Dataset extract:
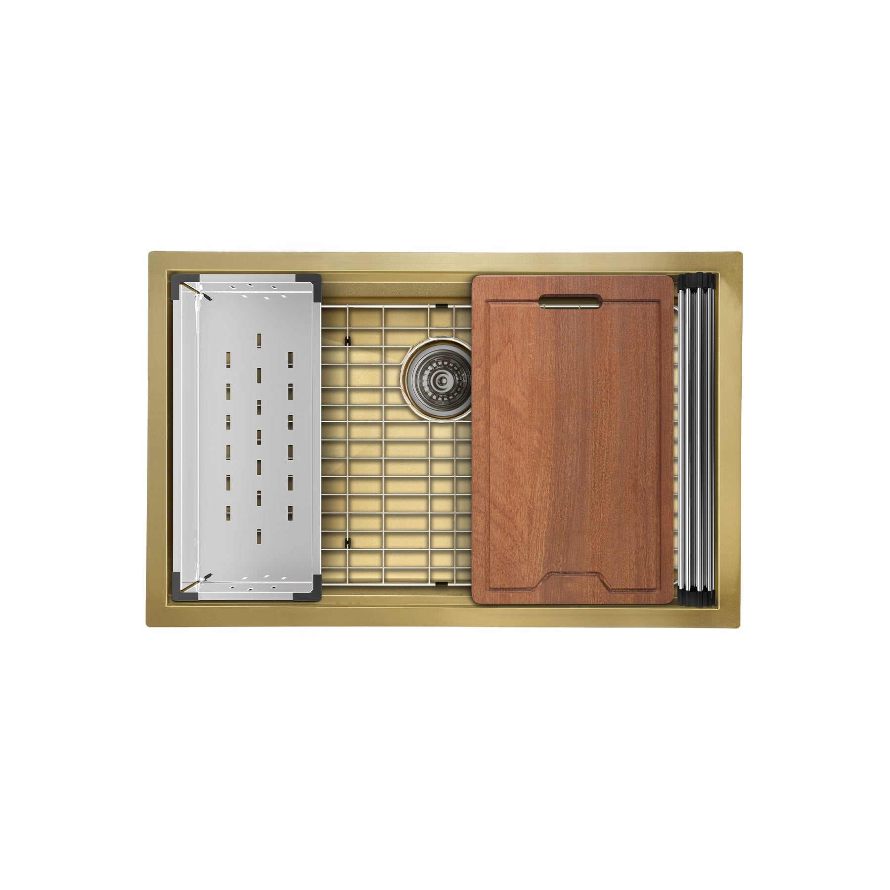 Tourner 30" x 19" Stainless Steel, Single Basin, Undermount Kitchen Workstation Sink in Multi Colors
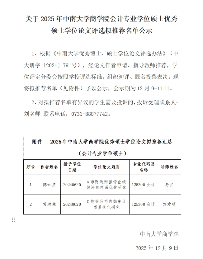 关于2025年william威廉中文官网会计专业学位硕士优秀硕士学位论文评选拟推荐名单公示
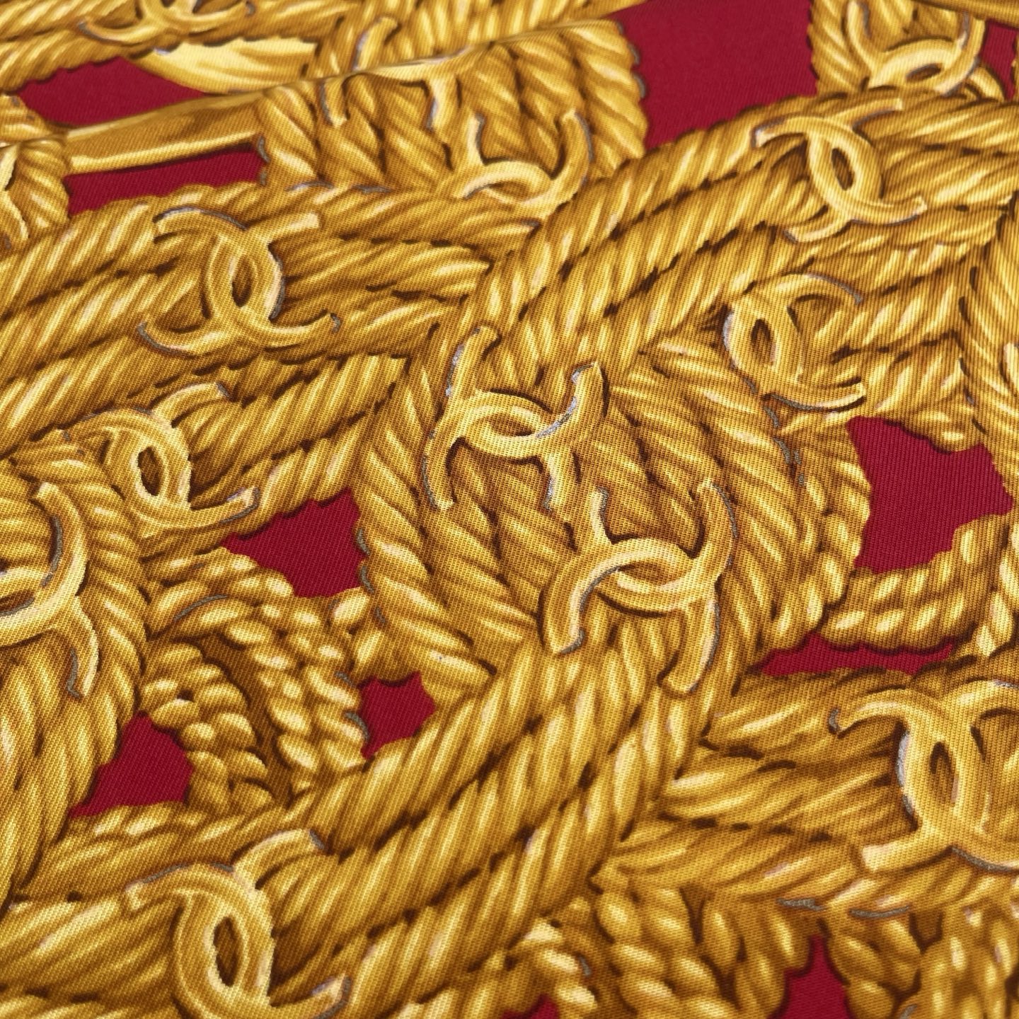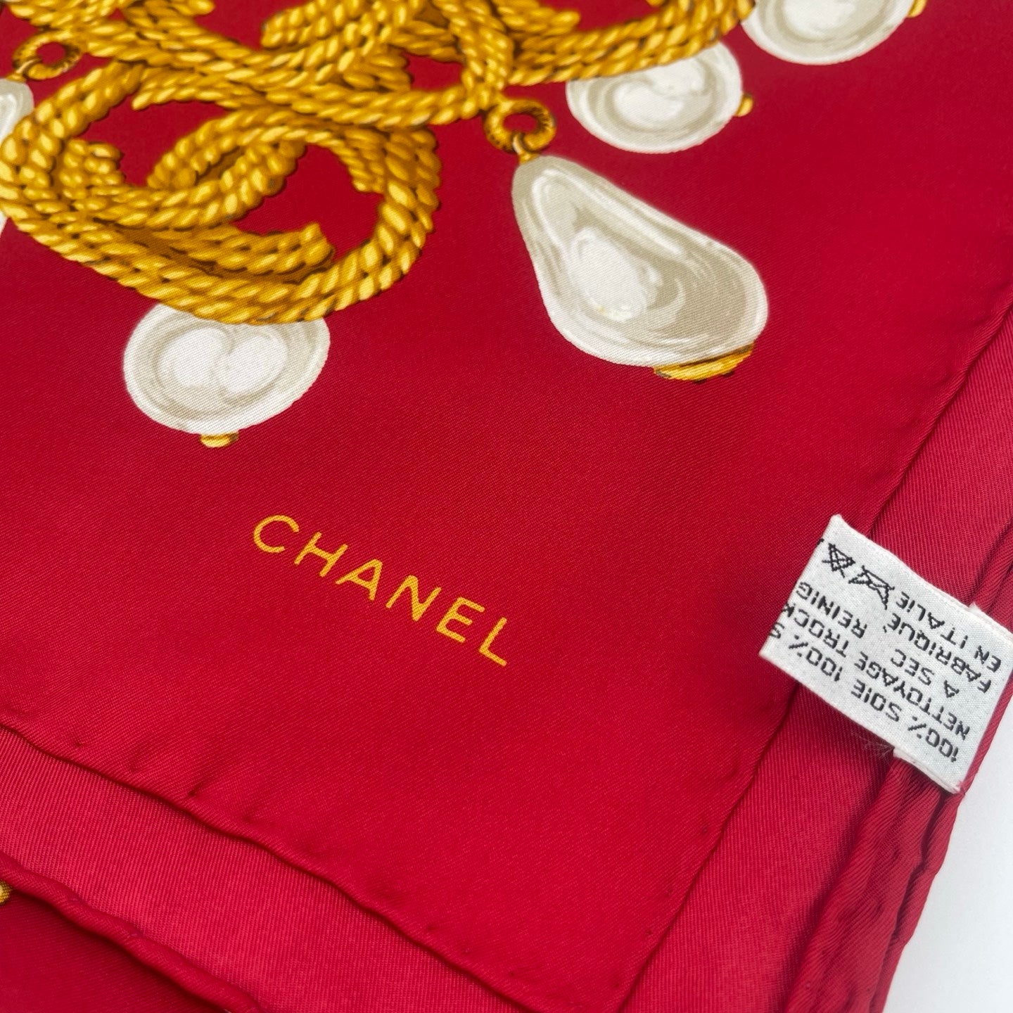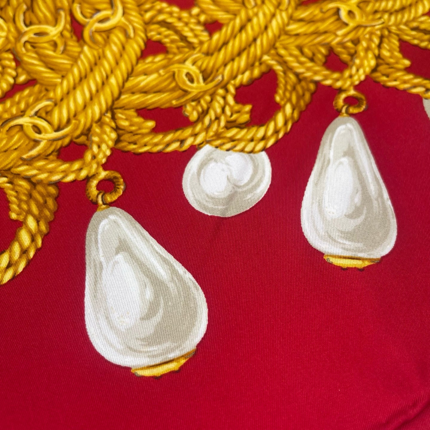 Chanel Vintage Red Pearl & Twisted Gold CC Silk Scarf [Used]

Activity:
The answer should consist only of the lines from the line with "关于2025年william" through the last line of the data, repeated exactly; pictures stay out.

Expected answer:
 关于2025年william威廉中文官网会计专业学位硕士优秀硕士学位论文评选拟推荐名单公示
 Chanel Vintage Red Pearl & Twisted Gold CC Silk Scarf [Used]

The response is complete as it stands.